Well first of all, they are going to build a block chain, not use the Blockchhain (bitcoin) or comparable network. They are going to build it themselves in a lab in India. 

So the same company that has a network currently that doesn't work for shit it going to make another one with bastardized technology instead of using the only one that actually works and this is suppose to be a good thing?

 They are doing a pilot in Europe and inviting a few banks to participate.

"Through the use of smart contracts and blockchains I believe we can create a fast, compliant and low-cost interbank payment and settlement service, with embedded regional compliance," wrote Hendrik Kleinsmiede, co-founder of Visa Europe Collab

Visa plans to use settlement platform Interbit to see if their block-chain creation can reduce costs and expects this proof-of-concept project to wrap up within 3 to 4 months.

So let's get this straight. 

Visa, a network that takes a payment from a bank issued card splattered with holographic imagery, magnetic encoding, and EMV chips containing access information to a consumers personal information and funding account, through an electronic reader with its own security in place and purchased by the merchant who has to have not one, but two accounts, that being a business account and a merchant account he/she never sees or touches, then with all of the above sends the payment information through another company (the processor) to one bank, who then settles the payment over the course of the next 24 hours to 3 days only to send it to another account and then to the actual business account of the merchant who has no guarantee he or she was paid, even if they are paid and the money is in the account. 

This being up to 6 months and even 2 years in some jurisdictions that the merchant then has to keep a receipt stored someplace for the next several years in the event of a chargeback. Meaning at any given time the product or service that they were paid for may be reversed through this same network resulting in the ultimate loss of product and/or time of the merchant who ends up paying for everything all while Visa and all of the other parties involve enjoy a nice percentage of the sale regardless if the merchant ends up getting paid or not. In some cases they are even charged an additional fee for getting the reversal in the first place.

How is a homegrown Visa blockchain going to solve that? 

That's the real problem with the Visa network. Who cares if Visa gets to make more money by saving some with blockchain. Blockchain was created to make a transaction irreversible and something tells me that Visa intends to leave that little part (one of the most important parts) out of its abomination.

The sad thing is that irresponsible people lose their cards or are careless, then call their bank to get fraudulent charges reversed. Regardless of the fact that it was their fault to begin with, they can do this. The bank certainly isn't going to take any responsibility and demand payment back ultimately sucking the funds out of the merchants bank account back to the consumer who messed up in the first place.

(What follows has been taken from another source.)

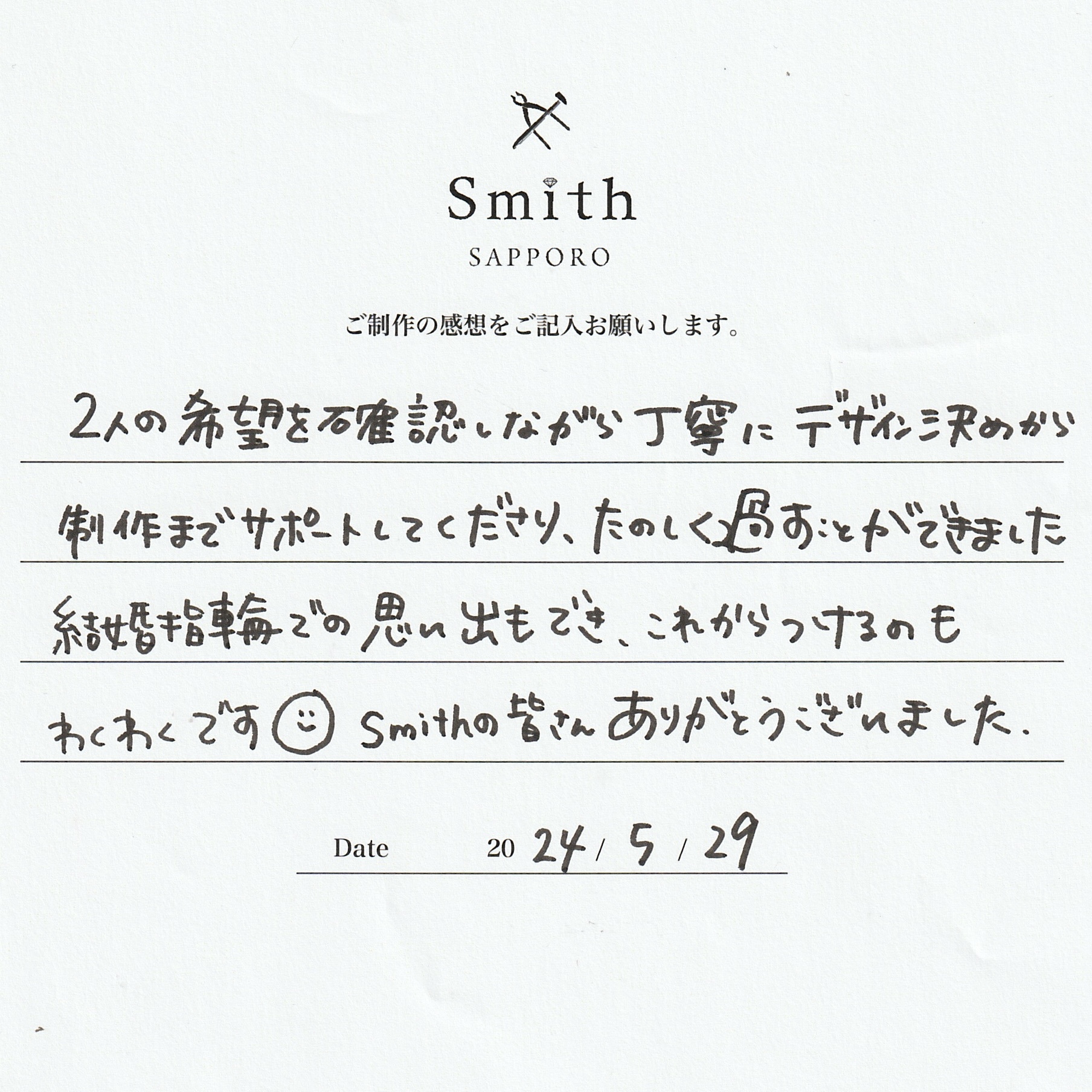 この度は手作り指輪のご制作にご来店いただきまして、誠にありがとうございます。

The processor nor Visa is going to take responsibility and do as instructed to make it all happen. So who gets stuck with the bill? The merchant.

The overpriced Visa commercials never tell you about that little gem now do they? Nor do the banks. They all make it sound like they are taking on the bad guys but all they are doing is sticking the merchant with the bill because that party is generally too small to take on a bank, Visa, or companies llike PayPal and can do little to nothing about it.

You can certainly "dispute" it. It does work once in a while but don't hold your breath and don't get too excited about this news of Visa's homemade blockchain.

It's nothing more than a way for the rich and powerful banks and payment companies to become more rich and powerful while blaming everyone else but themselves for their flawed systems.